Interestingly, the association of increased risk of recurrent parasitemia with decreasing HAZ was evident only for children not taking TS prophylaxis. TS is an antifolate which has been associated with reduced morbidity and mortality in HIV-infected children and adults. TS also has antimalarial properties. Though TS has been used to treat P. falciparum
malaria in the past, its effectiveness as an antimalarial treatment is limited (8
), and it is no longer considered acceptable as a first-line therapy. However, TS has been shown to reduce the incidence of malaria even in areas of high parasite resistance to antifolates (15
). Perhaps the chronic use of TS, a moderately effective antimalarial when used alone, acts synergistically with the administration of a relatively more potent artemisinin-based treatment to override the deleterious effect of chronic malnutrition on the immune system. TS is easy to administer, with treatment once a day or thrice weekly for prophylaxis, is widely available, and is relatively inexpensive. The results from this study indicate that children with mild to moderate signs of chronic malnutrition at risk for malaria may benefit from TS prophylaxis.
The limitations of this study should be considered. First, we may have not controlled for all potential confounders that may be involved in the complex relationship between malnutrition and malaria. Second, we made multiple comparisons evaluating the relationship between malnutrition and the risk of recurrent parasitemia, which could potentially lead to spurious findings. Only by comparing the lowest levels of malnutrition to those for the baseline group was statistical significance achieved. Finally, the mechanisms underlying the differences in risk of recurrent parasitemia in children with mild to moderate chronic malnutrition could not be elucidated.

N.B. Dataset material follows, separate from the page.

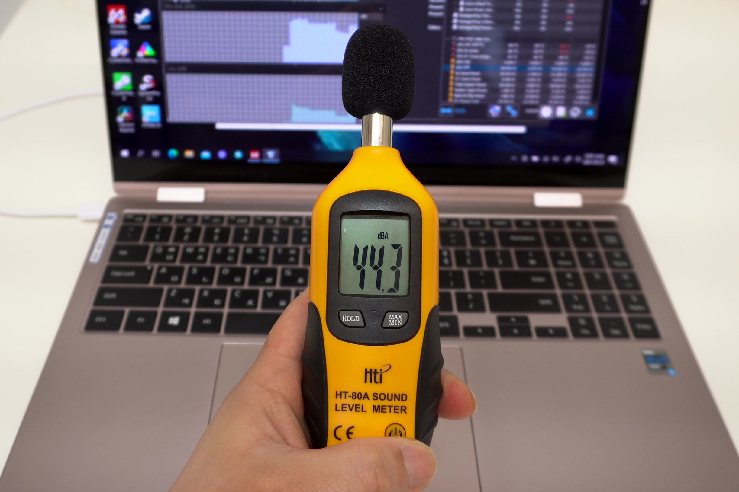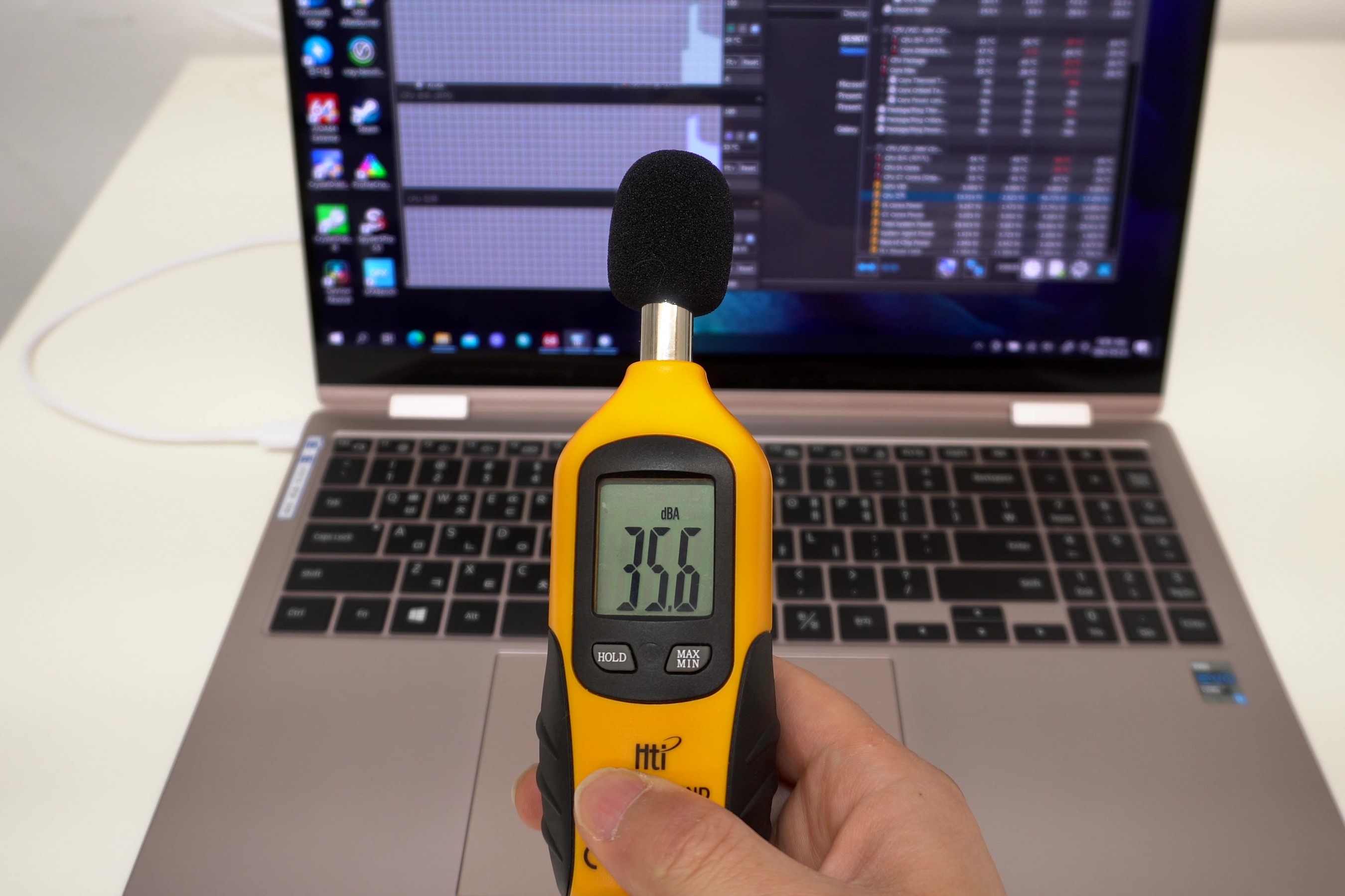 갤럭시북 프로 360과 같이 얇은 바디에 준수한 쿨링 성능까지 뽑아내기 위해서는 어쩔 수 없이 희생되는 요소가 생길 수밖에 없습니다. 그건 바로 팬 소음이죠. 고사양 작업을 할 때에는 44.3dB까지 측정됐기 때문에 평균적인 저전력 노트북보다는 많이 시끄러운 편이라고 할 수 있겠죠.

AL and DP are effective antimalarial therapies for clearing primary infection in chronically malnourished young children in a high-transmission setting. However, young children with signs of mild to moderate chronic malnutrition not taking TS prophylaxis are at increased risk for recurrent parasitemia. Further studies are warranted to evaluate if this risk is mediated by altered drug metabolism in chronically malnourished children or through differences in immune response. Children with chronic malnutrition should be targeted for malaria prevention strategies such as provision of bed nets or chemoprevention integrated with nutrition-based interventions.